Johanniter: Kinderarzt kümmert sich um Neugeborene
„Wenn ein Kind schlechte Vitalzeichen hat, sehen das die Internisten in der Notaufnahme natürlich – und dann schicken sie es nicht weg“, betont Sylvia Ziesmann-Busche, Sprecherin des Johanniter-Krankenhauses, das nur für die Versorgung der Säuglinge auf der Geburtsstation eine Kinderarzt-Kooperation mit dem Krankenhaus Lüneburg hat. Nach einer ersten Einschätzung würden junge Patienten in akuter Gefahrenlage in der Notaufnahme stabilisiert und dann per Rettungswagen zum nächsten Krankenhaus mit Kinderstation gebracht – von Geesthacht aus nach Lüneburg oder Rahlstedt.

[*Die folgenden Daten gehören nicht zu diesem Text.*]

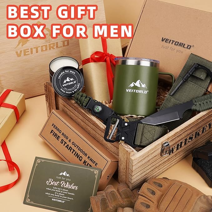 - Perfect Gifts for Men: Unsure what to get for Christmas, Valentine's Day, Father's Day, or a birthday? The Veitorld men's gift basket is the perfect choice, filled with fun and unique products for his needs. Who can resist it

Ist die Situation weniger brenzlig, müssten die Familien selbst fahren. „Die Spezialisierung im medizinischen Bereich ist weit vorangeschritten – und das hat Sinn. Es gibt einfach Krankheitsbilder, die bei Kindern häufiger sind, als bei Erwachsenen. Was man nicht oft sieht, fällt auch schwerer einzuordnen“, erklärt Johannes Jubitz, Facharzt für Anästhesie und Notfallmedizin, der Ärztliche Leiter der Geesthachter Notaufnahme.
Bereitschaftspraxis für Kinder ist Zusatzleistung
Die KV rät dennoch, bei weiten Distanzen mit Kindern zunächst allgemeinärztliche Anlaufpraxen (im Kreis in Geesthacht, Ratzeburg, Großhansdorf) anzusteuern. Dass das Netz der kinderärztlichen Bereitschaftspraxen weitmaschiger ist, habe System: Kinderärzte, die am Wochenende bei Krankheiten helfen (für den Kreis in Ratzeburg sonnabends, sonntags und feiertags von 10 bis 14 Uhr), sollen an eine Kinder-Krankenhausstation angegliedert sein. Zudem seien kinderärztliche wie augenärztliche Bereitschaftspraxen ein Angebot, zu dem die KV nicht verpflichtet ist.
„Ich denke, die Ärzte haben alle richtig gehandelt – darum geht es mir nicht. Aber es sind sehr weite Wege, die man im Moment mit einem kranken Kind machen muss. Eine Notfall-Praxis in Geesthacht würde helfen“, wirbt Cindy Spalkhaber um Unterstützung.